With prices above $ 75, oil increasingly becomes a burden, not only in oil-consuming emerging markets like India, but also for Western countries. For Giovanni Staunovo, commodities analyst at UBS, a barrel of crude may continue to climb in the near future. “With production already in deficit and an increase in supply lagging behind demand, it is likely that production constraints will drive prices up,” he says. In the medium term, however, he believes that there are other possibilities, such as the division having the opposite effect, by fostering fierce competition between producers to win market that leads them to pump more, although Staunovo believes that this is an unlikely scenario .
Meanwhile, the main importers are very aware of the failure of the agreement. The Administration of US President Joe Biden has urged the group to act together. And a spokesman for the White House has assured that they are “closely following the negotiations and their impact on the world economic recovery,” and are maintaining contacts to find a solution to increase production.
The expanded OPEC has already recovered some of the crude production it halted last year in the initial stages of the pandemic. The 23-nation coalition decided to inject about two million more barrels per day into the market between May and July, and the question before Monday’s meeting was whether that trend would continue in the coming months.
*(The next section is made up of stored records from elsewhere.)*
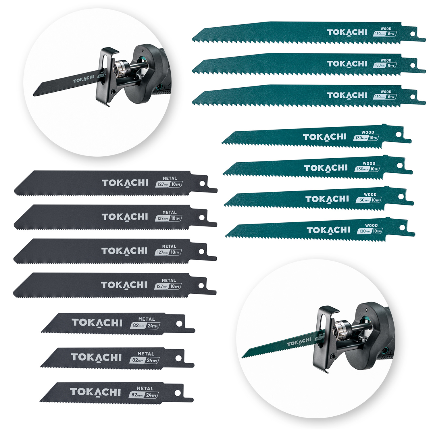 Profesjonalny zestaw aż 14 brzeszczotów do piły szablastej Tokachi Kitsune 300: do drewna i do metalu, w dwóch długościach, w dwóch kolorach, bez zgadywania który jest do czego.
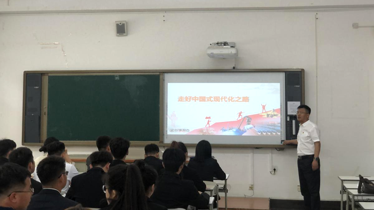 为扎实开展学习贯彻习近平新时代中国特色社会主义思想主题教育,教育引导广大党员坚定理想信念,提高党性修养,激励青年学子磨砺真才实学,焕发奋斗力量,研究生党总支书记刘振强于6月1日上午在教学楼113教室以“走好中国式现代化之路”为题,为研究生党总支学生第二党支部全体学生党员讲授形势与政策课。
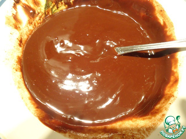Темный шоколад и сливочное масло растапливаю в микроволновке, размешиваю.
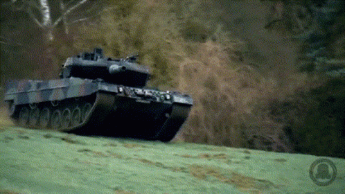 A Leopard tank demonstrates its stabilization system while driving down a grassy hill.

The cartel’s own data shows that oil inventories, which reached record levels not so long ago, have returned to average levels as the recovery in fuel consumption continues. According to OPEC Secretary General Mohammad Barkindo said last week, demand in the second half of the year will grow by five million barrels a day compared to the first six months of the year. The main driver of the opening of the taps is Russia, with its companies eager to increase production and gasoline prices rebounding, a delicate fact only months before the parliamentary elections in September. Moscow’s unsuccessful attempts to increase production have been a setback for Deputy Prime Minister Alexander Novak, one of the architects of the OPEC + alliance. Novak avoided comment after the suspension of the meeting on Monday, but everything indicates that he will work behind the scenes to find a solution.
Iraq’s Oil Minister said he expects a new date to be set in the next 10 days for another OPEC + meeting, a meeting where they should be able to smooth things over and reach an agreement that satisfies everyone. In the meantime, he hopes that members will continue to respect their current production quotas and that the impact on prices will be temporary.